ENTRIES PROVIDED:
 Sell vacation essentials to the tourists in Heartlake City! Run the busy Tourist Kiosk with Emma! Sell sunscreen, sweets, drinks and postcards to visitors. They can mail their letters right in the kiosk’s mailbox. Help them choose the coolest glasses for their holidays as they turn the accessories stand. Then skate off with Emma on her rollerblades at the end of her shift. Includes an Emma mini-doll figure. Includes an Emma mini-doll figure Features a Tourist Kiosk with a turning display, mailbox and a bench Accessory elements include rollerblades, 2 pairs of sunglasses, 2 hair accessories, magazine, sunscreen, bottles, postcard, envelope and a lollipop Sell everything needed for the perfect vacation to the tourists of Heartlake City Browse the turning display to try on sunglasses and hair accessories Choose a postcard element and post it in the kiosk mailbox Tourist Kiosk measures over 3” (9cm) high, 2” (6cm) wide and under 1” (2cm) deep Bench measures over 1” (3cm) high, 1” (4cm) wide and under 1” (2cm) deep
--
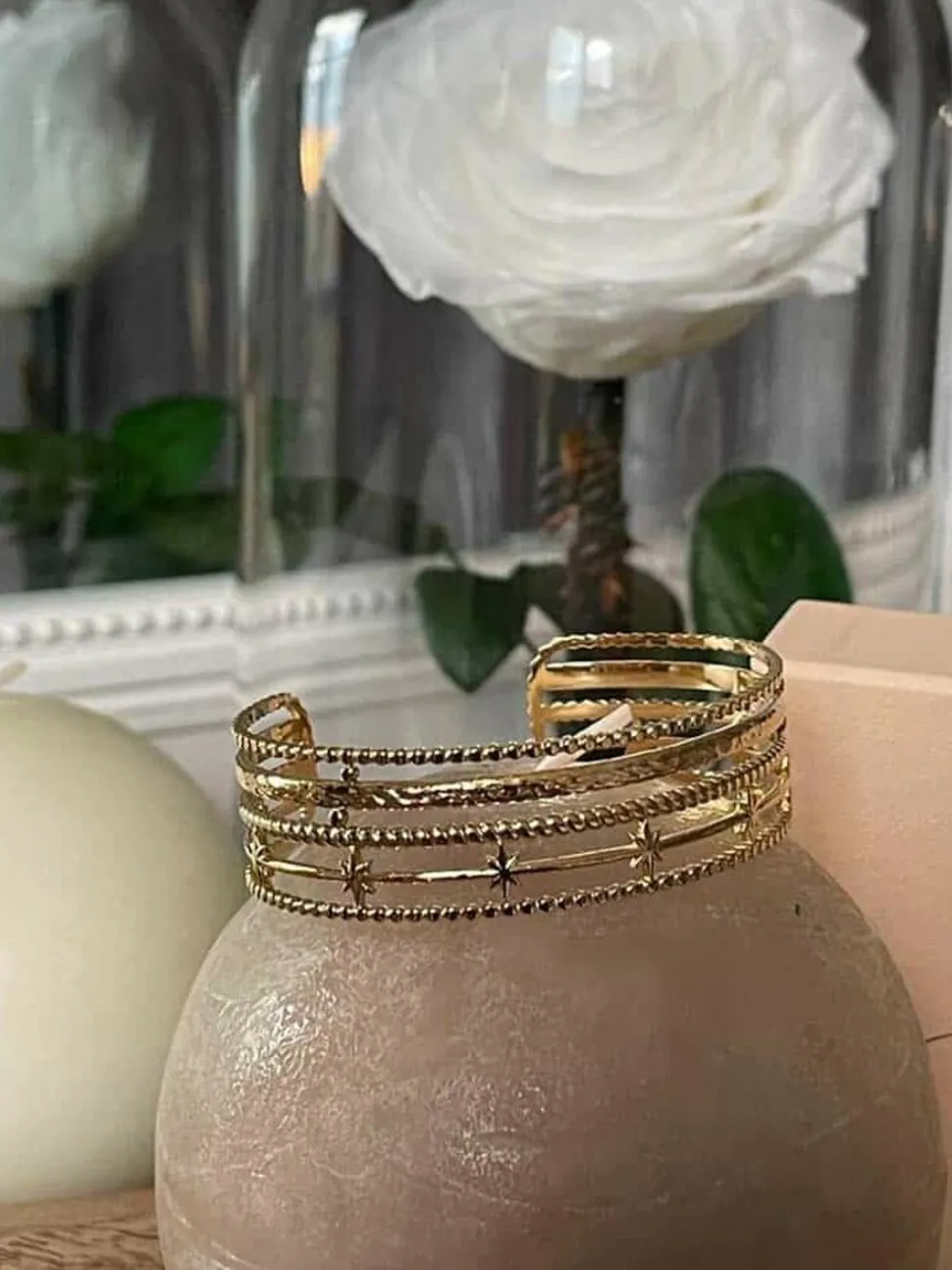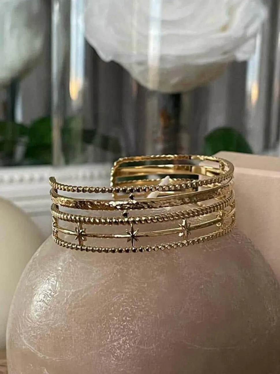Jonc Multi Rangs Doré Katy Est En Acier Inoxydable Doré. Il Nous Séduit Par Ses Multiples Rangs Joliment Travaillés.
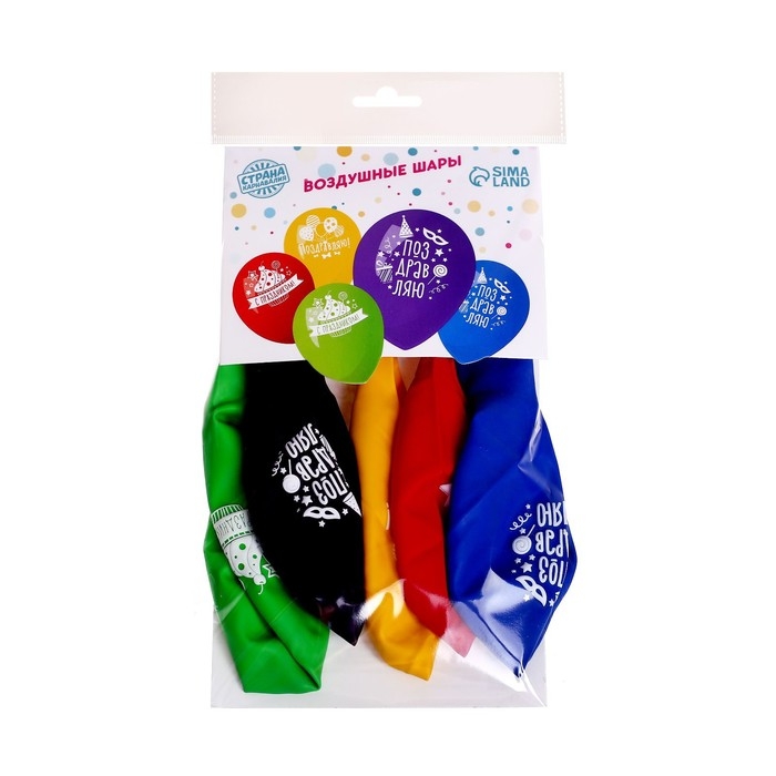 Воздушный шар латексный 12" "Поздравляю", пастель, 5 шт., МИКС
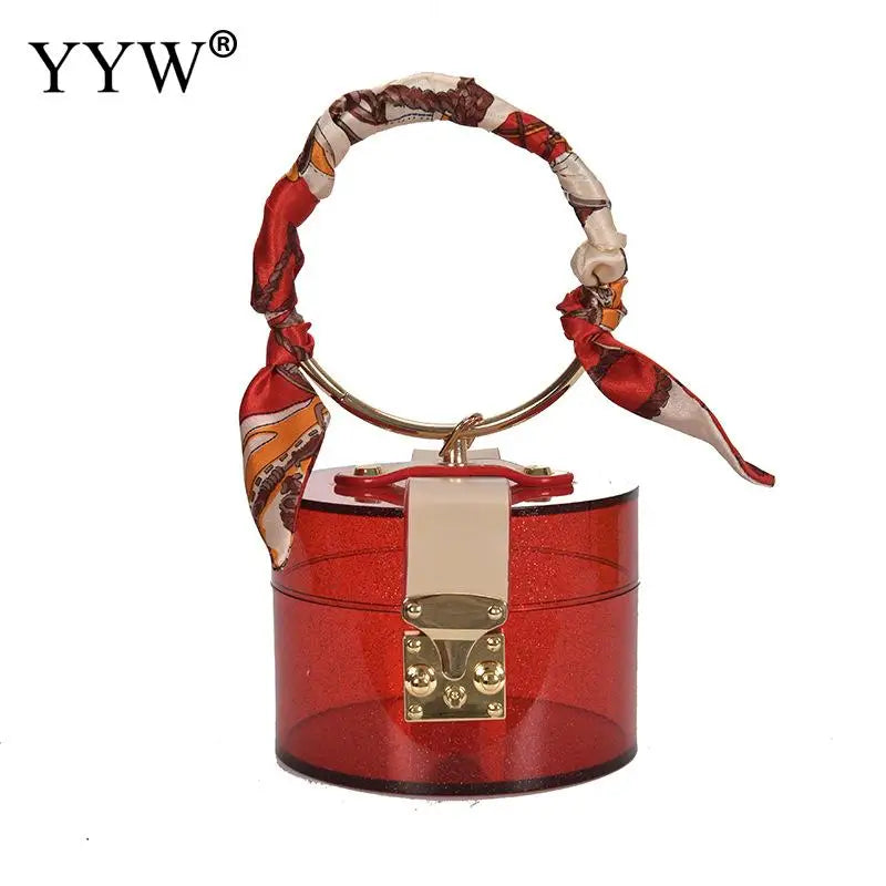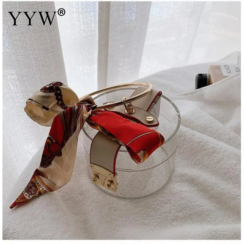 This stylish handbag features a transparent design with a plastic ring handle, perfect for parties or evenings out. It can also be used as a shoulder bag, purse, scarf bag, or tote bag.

YOUR ASSIGNMENT: An exact transcription is needed of the lines from the one with "Jonc Multi Rangs" to the one with "This stylish handbag" above, both ends included, with pictures left out.

YOUR RESPONSE:
Jonc Multi Rangs Doré Katy Est En Acier Inoxydable Doré. Il Nous Séduit Par Ses Multiples Rangs Joliment Travaillés.
 Воздушный шар латексный 12" "Поздравляю", пастель, 5 шт., МИКС
 This stylish handbag features a transparent design with a plastic ring handle, perfect for parties or evenings out. It can also be used as a shoulder bag, purse, scarf bag, or tote bag.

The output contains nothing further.